In this position he was in direct competition with Chris Maguire, who was on the left of the three Sunderland attacking midfielders. Maguire likes to drop deep and inside to find the ball as opposed to staying wide and beating his man on the outside, and these movements then facilitate the opening of space for left-back Bryan Oviedo to bomb on into.
Yet Bielik was tasked with tracking Maguire all the way, not passing him onto a midfielder but pressing him no matter how far he retreated. In combination with Dijksteel’s pressing of Oviedo, this prevented Sunderland’s left-hand side from dominating offensively, and an example is presented in the following graphic.
Williams links attack
Attacking midfielder Jonny Williams was introduced for Darren Pratley in the 71st minute, and his introduction made Charlton into a more fluid attacking unit due to his prevalence for lining up between the midfield and defence as opposed to the more naturally conservative Pratley.
Upon Williams’ introduction, the Addicks became more of a 4-2-2-2, with the Welshman and Joe Aribo playing off Taylor and Josh Parker up front, with Bielik and Josh Cullen offering defensive protection (yet another example of Bielik’s flexibility, this time operating as a genuine central midfielder).
With the two attackers linking up between the lines, it gave more options for Charlton to play through centrally and feed their front line. However, due to fewer amounts of defensive cover, it slightly inhibited Purrington and Dijksteel from advancing as frequently as they had done, meaning that Lee Bowyer’s men looked to now create more centrally as opposed to out wide.
Unable to hit Wyke
A large part of Sunderland’s attacking armoury is the aerial capabilities of Charlie Wyke, looking for knock-downs off the head of the striker in order to provide for their deeper attacking midfielders to run onto and play off.
Yet with the initial three central defenders for Charlton, they swamped the powerful forward in order to prevent not just his ability, but Sunderland’s ability to run onto Wyke’s contribution also.
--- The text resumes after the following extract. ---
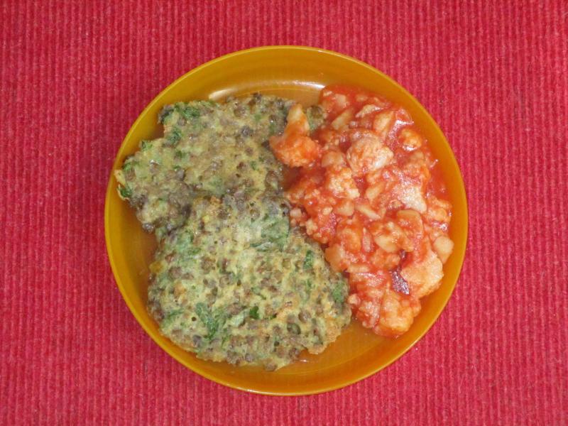 Knoblauchsrauken-Linsen-Bratlinge mit Blumenkohl in Tomatensoße

The Charlton midfield would retreat to surround Wyke, getting in close proximity in order to increase their chances of getting straight onto the second balls.
Sunderland were unable to provide adequate support for the 26-year old, and their inability to fully maximise his attributes stifled much of their attacking play.
As with Charlton – and also so many modern-day teams – Sunderland’s full-backs play a huge part in their attacking setup.
Here, Jack Ross’ outfit would look to use their full-backs in order to provide support and assistance out wide in attack.
Sunderland would often look to bring one of their wide midfielders or full-backs inside whilst pushing the other outside to give balance in a variety of passing lines, as can be seen in the following examples.
When the full-back would be positioned on the touchline the midfielder would move inside and vice versa, always ensuring that there was an option out wide in order to stretch the Charlton defence.
The below images indicate firstly O’Nien offering width with Morgan inside, before Oviedo coming inside when supported by width from Honeyman.
Pressing in midfield
Furthermore, Sunderland also looked to harass the Charlton midfield when in possession in order to win back the ball and be ruthless in transition.
Whenever an Addicks midfielder received the ball in-or-around the halfway line the Black Cats would relentlessly hound the recipient in order to maximise their chances of winning the ball back, as can be seen below.
Sunderland utilised such a tactic in order to fully capitalise on their men in advance of the ball upon turnover, with the wide attacking midfielders always ready to react to produce a swift counter attack when winning the ball back.
Charlton gained promotion through taking advantage of key moments in a tight contest. Neither side truly dominated the other, however ultimately the Addicks’ ability to carve out two genuine chances were the difference between going up and staying down.